Patrick Crozier has some interesting remarks about ‘Labour women’
This article in the Telegraph got me thinking.
First of all there is Mrs Kinnock’s use of the term “real women”. It sounded far too much to my ears like “all women”, or the “only women of any worth”. The truth is that some women go out to work and others stay at home. Is that really such a terrible idea to bear?
Maybe it is. Maybe, to dyed in the wool feminists like Glenys Kinnock, the idea of total sex equality shines so bright that any woman who chooses what we might describe as a “traditional” role is in some way a traitor to her sex. Perhaps, Mrs Kinnock understands only too well that to many women home and family are far more important than boring old work. Thus they have to be forced into the workforce by economics or, as in this case, ridicule.

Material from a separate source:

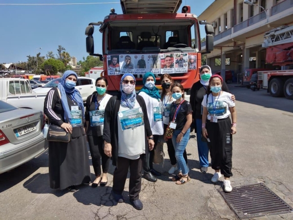 ويوم الجمعة في ٢١ آب انطلقت الحملة مع الفريق التّطوّعي وبصُحبة مديرة مدرسة الدّوحة الأستاذة هنا جمعة وكانت وجهتهم مركز "تجمّع المؤسّسات الأهلية" المؤقت في منطقة الكرنتينا بالقرب من فوج إطفاء بيروت، حيث تم توزيع الحصص الغذائية على عائلات فوج حرس بيروت، وكان لهم وقفة تضامُنيّة مع فوج إطفائية بيروت، حيث توجّهت مديرة دوحة المقاصد بواجب العزاء لرئيس فوج اطفاء بيروت الملازم أول "جورج كاشي" قائلة: "نحن كتربويين في المدارس ما عاد رؤساؤنا قدوة لنا، بل أنتم يارجال الوطن أصبحتم القدوة التي نحتذي بها يبقى لعطاءاتكم الأثر الذي لايمكن الا أن ننحني إجلالًا لها، هذا وأضافت أنّه في مدارسنا لم يعد أمام تضحياتكم كتب ندرّس بها، بل صار لدينا العديد من القصص والدروس التي عملتم على تقديمها بالدم ليحيا وطننا لبنان ونستطيع ان ننهل منها ما يكفي من الدروس والعبر...".

It is the economics that frighten me. If I ever marry or have children I want my wife to stay at home – at least for the first few years – just as my mother did with me. I believe that (usually) a mother’s love brings huge benefits to child rearing – benefits for which a child minder or a creche is no substitute. I want that choice. But I can’t have it. In London it is virtually impossible for one person on one salary to buy a house (certainly not in the careers that I am considering). Thus we are more or less forced (apologies for the quasi-Marxist terminology) to set up two income households. And hence stay-at-home mums are rapidly becoming a thing of the past.
The answer is to build (or at least allow to be built) more houses, semis and apartment blocks. Same demand, more supply, lower prices. But that is more or less impossible in London – the State decrees it. And that is a whole other issue.